• **Data listing**:
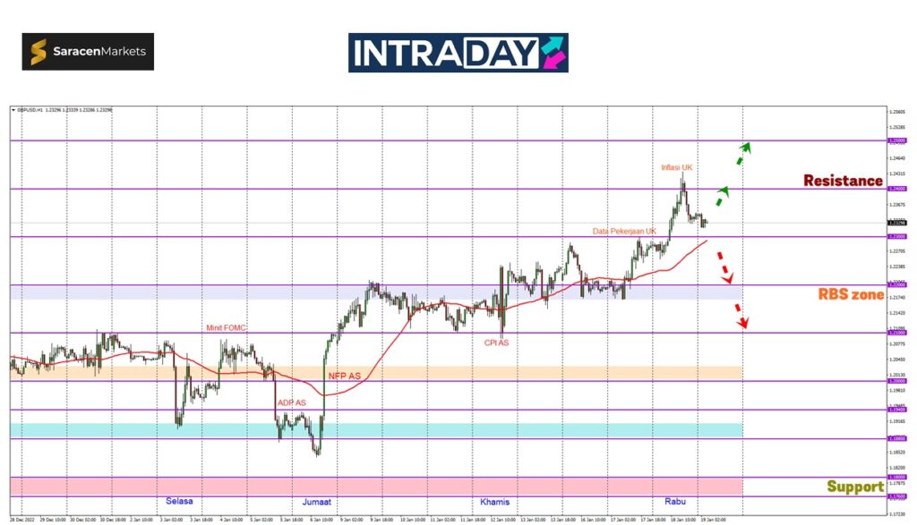 Namun waspada sekiranya corak mula berubah dengan harga mula membuat penurunan di bawah paras 1.23000 semula.
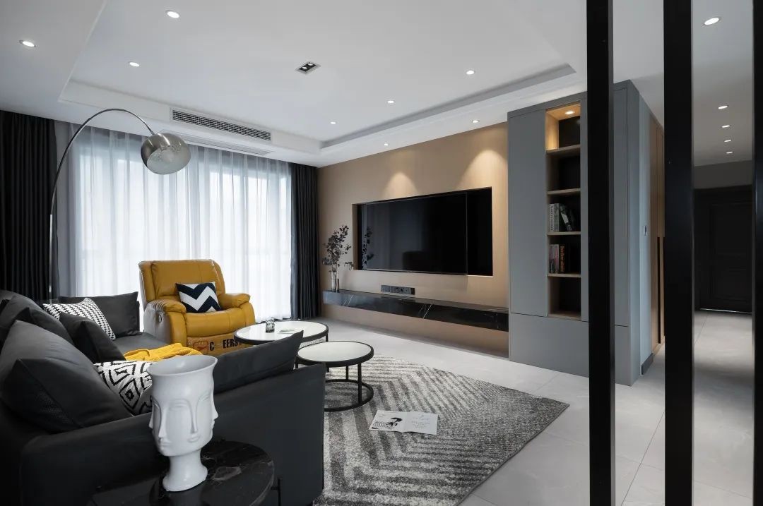 客厅现代风的基础,天花采取无主灯的吊平顶设计,灰色沙发墙与布艺沙发、地毯等软装,电视墙这是木质感定制的设计,加入黄色皮沙发椅与毯子,带来一种简约而又有活力的空间气息。
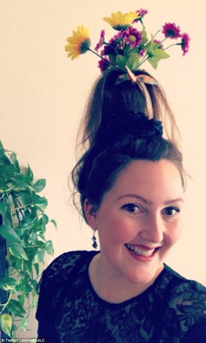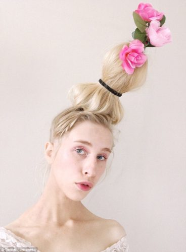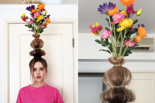 Le principe du Flower Vase Hair est tout simple : créer un vase sur la tête. Autrement dit : monter un chignon sur la base d’une bouteille en plastique et y planter… des fleurs.
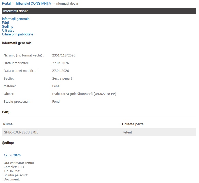 Conform datelor oficiale publicate pe portalul instanțelor, dosarul cu numărul 2351/118/2026 a fost constituit în data de 27 aprilie 2026, având ca obiect „reabilitarea judecătorească” în temeiul articolului 527 din Noul Cod de Procedură Penală.
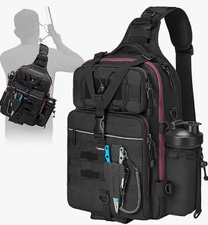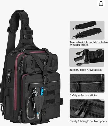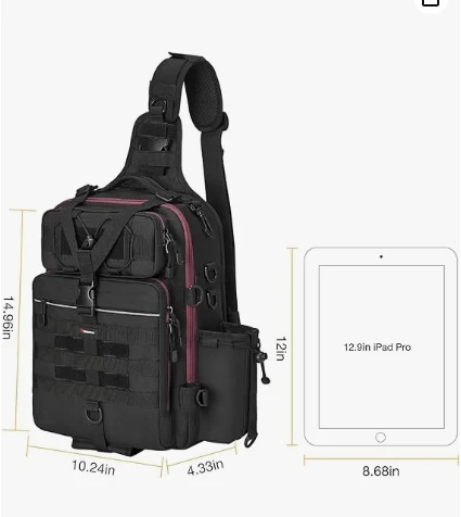 Tempat taktak anu tiasa dileungitkeun supados gampang nganggo kantong ieu salaku kantong taktak condong, kantong, kantong dada, kantong tackle perunggu, atanapi kantong perjalanan. Kalayan dua sabuk rod pikeun nahan rod anjeun, panjang tali utama tiasa diperpanjangkeun 51.2 '' ', bari tali asuhan tiasa diperpanjang ka 36,2' ''
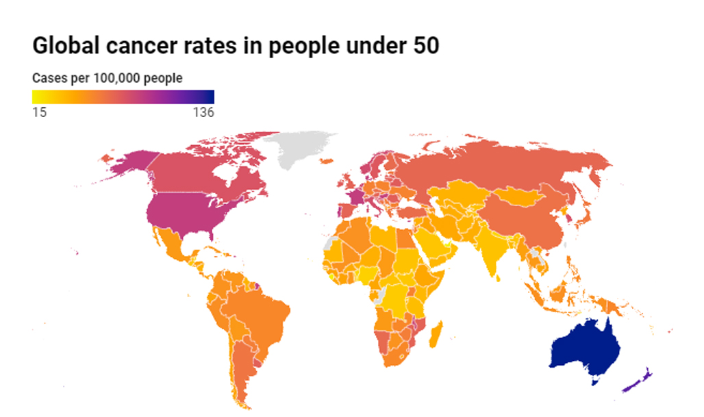 ほぼすべての大陸で、50歳未満のさまざまな種類のがんが増加している。これは、ほとんどの医師が若い人のがんを探す訓練を受けていないため、この年齢層では病気が発見されるのが遅くなる傾向があり、特に問題である。
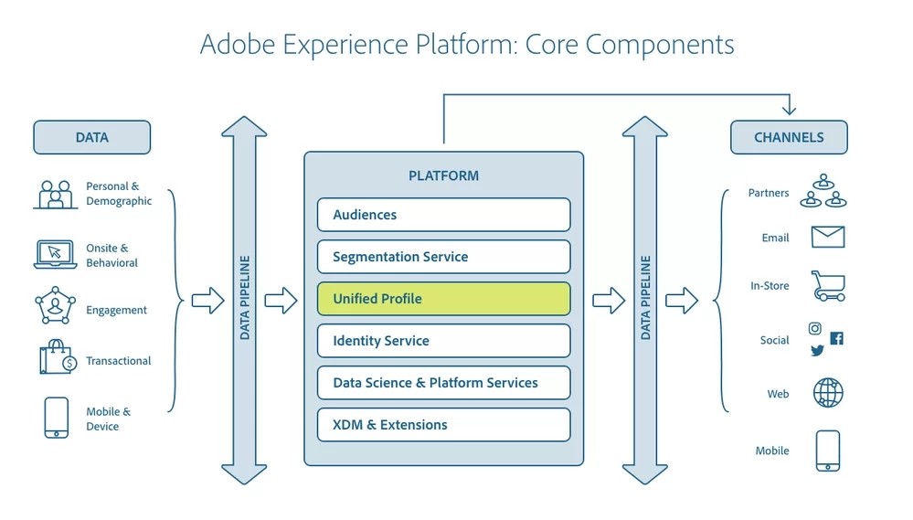 简而言之,AEP 是驱动 Adobe 解决方案与外部业务系统的 数据引擎,让客户数据在任何地方都能发挥作用。
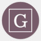 Aubergine Eggplant White Framed Initial Monogram Classic Round Sticker
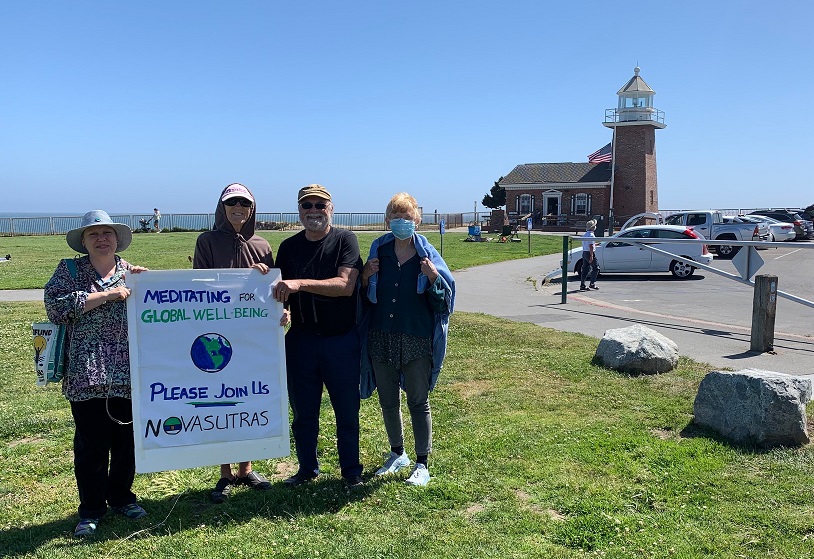Meditating together is a powerful act. Our signs and our intentional presence are resonant messages for hope and action in the reality of climate disruption and biodiversity loss.

• **Work required**:
What is needed is an exact repeat of only the lines from the one containing "简而言之,AEP 是驱动 Adobe" through the last line of the listing above, both ends included, without the pictures.

• **Response area**:
 简而言之,AEP 是驱动 Adobe 解决方案与外部业务系统的 数据引擎,让客户数据在任何地方都能发挥作用。
 Aubergine Eggplant White Framed Initial Monogram Classic Round Sticker
Meditating together is a powerful act. Our signs and our intentional presence are resonant messages for hope and action in the reality of climate disruption and biodiversity loss.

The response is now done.